Regardless of the time, day or severity of the weather, these men and women report to their duty sections every day with one mission - keep their aircraft flying.
The KF-16 Fighting Falcon crew chiefs from the Republic of Korea Air Force 123rd Maintenance Flight, 20th Fighter Wing, Seosan Air Base, and the Wolf Pack's 8th Aircraft Maintenance Squadron worked around the clock to inspect, troubleshoot and maintain F-16s and KF-16s during Exercise Buddy Wing 15-4 here, June 1 to June 5, 2015.
"Our U.S. counterparts collaborated with us to ensure we had the necessary equipment and resources to do our jobs on the flightline," said ROKAF Warrant Officer Young-Ki, 20th Fighter Wing crew chief. "The generous support they provided allowed for a seamless transition in terms of shifting maintenance operations from Seosan to Kunsan Air Base."
This is the first time in 15 years since Young-Ki visited Kunsan Air Base for a Buddy Wing Exercise.
"There were things that have changed since my first Buddy Wing exercise at Kunsan Air Base in 2000," Young-Ki said. "However, our mission to support training sorties through perfect maintenance remains the same."
As Seosan crew chiefs provided maintenance to ROKAF jets, their U.S. counterparts from the 8th AMXS provided support to pilots from the 35th Fighter Squadron.
"My leadership briefed me how Exercise Buddy Wing 15-4 is in place here to strengthen our bond with the ROKAF," said Senior Airmen Brenton Repine, 8th AMXS assistant dedicated crew chief. "I think being a part of the partnership between ROKAF and the U.S. is very special.
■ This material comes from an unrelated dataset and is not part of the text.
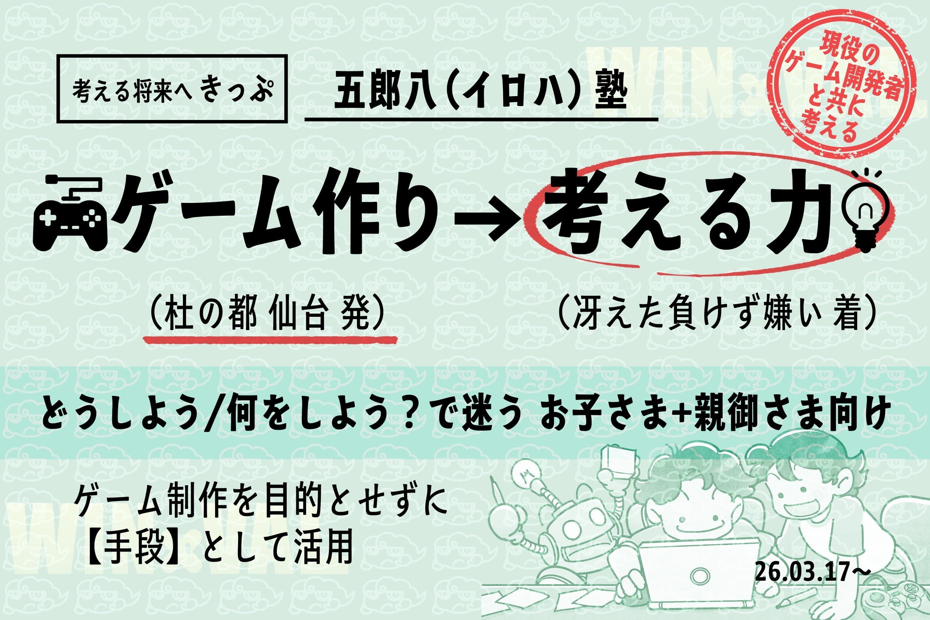 ゲーム制作を通して「一緒に考える」塾を、仙台から始めたいと考えた理由はいくつかあります。ひとつは、発起人が仙台市出身であり、中学校・高校時代を仙台で過ごした、なじみのある土地であるということです。もうひとつは、仙台には大きなゲーム制作会社がまだなく、ゲーム制作がどのような仕事なのか、どのように商品が生まれているのかに知る機会が多くないのではないかと感じている点です。ゲームは身近な存在でありながら、その裏側を知る機会が限られているからこそ、まずは興味から持ってくれるのではないかと考えました。

It's pretty cool to know that I'm part of a coalition force."
Whether working to ensure aircraft are mission capable for exercises like this iteration of Buddy Wing or assisting a wingman with a maintenance issue, a crew chief's primary responsibility is to generate sorties.
"I think everyone on our maintenance team is incredibly vital to the mission," Repine said. "We all have a mission to work towards and if it doesn't get done, then aircraft aren't going to fly."